3 minute read

LAST LAUGH

LOST IN (CODING) TRANSLATION

WRITER HANS MACKENZIE MAIN TRIES HIS HAND AT CODING LANGUAGE, BUT JUST CAN’T SEEM TO GET PAST THE NAMES

I’m not a coder. I don’t know my loops from my micro: bits, and when it comes to deciphering the library that facilitates the training of machine learning models and neural networks called TensorFlow (I looked all of that up), you will most probably find me curled up in the foetal position under attack from my own overloaded neural networks. But I do like languages and the names of the various coding languages (there are about as many different languages as there are countries in the world) fascinate me. It is as if the geniuses who write code put as much thought into naming their strange dialects as they did in developing them. Having said that, there is a code out there called HTML, which, for my money, is not a proper name for a coding language. The creators of HTML seem to have taken the first four letters of their code as its name.

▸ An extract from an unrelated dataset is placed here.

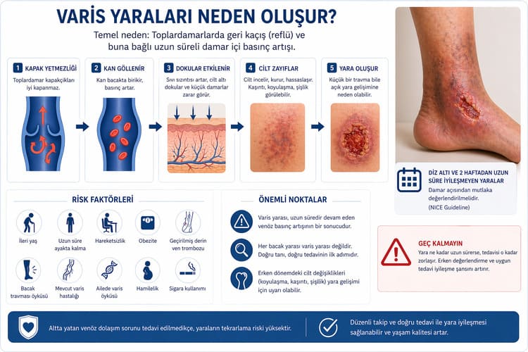Özetle varis yaraları, yalnızca ciltte açık bir alan olarak görülmemelidir. Yaranın kapanması için pansuman, kompresyon, hareket, cilt bakımı ve gerekirse venöz girişim aynı planın parçaları olabilir. Şikayet uzuyorsa, yara kapanmıyorsa veya tekrar ediyorsa, önce nedenini netleştirmek en doğru adımdır.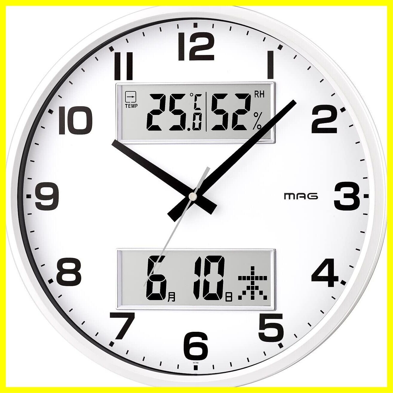 ●日常生活に便利な温度・湿度・日付・曜日のデジタル表示機能が付いたアナログ表示の掛け時計

Where is the effort, guys? Where is the love? Names are terms of endearment, are they not? More than that, they speak to the very identity – the very meaning – of the person, place or thing to which they are attached to. A name must be given great thought and attention – it can make or break a person (or a code), reverberating through the ages, an epithet of utmost and undeniable … I’m getting carried away. My apologies. Without any further ado, here, in a very particular order, are the coding language names I rate the most – and the least. JavaScript is my #1. Writing JavaScript, I imagine a slowly bronzing coder composing row after row of code while lying on a deckchair on a pristine white beach on the spectacular island of Java sipping on a glass of ice-cold Java coffee; the ice cubes making the gentlest of clinking sounds while the waves slowly roll in.

GroovyBeans is my #2 all-time favourite name for a coding language. I imagine the room where coders sit to write GroovyBeans to have a disco ball and a small dancefloor where those coders who are stuck can shake loose new ideas to the rhythm of the Bee Gees Stayin’ Alive.

Sadly, that brings us to the end of my favourite names. For the ones I’m not that crazy about, let’s start with the letters. As mentioned earlier, I find HTML to be a lazy attempt. If you’re going to go to the trouble of writing excellent code, why not have that extra espresso and come up with a fun name for it. HTML doesn’t exactly roll off the tongue, either. And while we’re on nonsensical series of letters, let’s consider CSS. Here it’s as if the techies who came up with what I gather is a smooth coding language (the last S stands for Stylesheets, apparently) didn’t even try to give their creation a bit of an edge.

My fourth-least favourite name for a coding language is Assembly Language. Sounds like the work of a teacher’s pet, doesn’t it? Visual Basic is next – the third-least favourite – and here I imagine a class of one-year-olds coding to their hearts content using the easiest language out there. And then there’s Rust, my second-least favourite which, frankly, sounds like a code that’s come to a complete standstill.

Drumroll, please. We’ve reached the top of the pile: Python. I can’t imagine learning Python. In fact, I can’t see getting anywhere near it. The language of Python was designed by Guido van Rossum who, going by his photo on Wikipedia, might very well have a terrarium at home with pythons crawling around in it. Its most basic instruction is print(‘Hello, world!’), which is perhaps not all that bad, but, and allow me to stretch my coding legs here, would it not be better to instruct anyone dealing with this code to first find”anti-venom {incupboard, ‘inject’, Immediately} *= survival? Just a thought.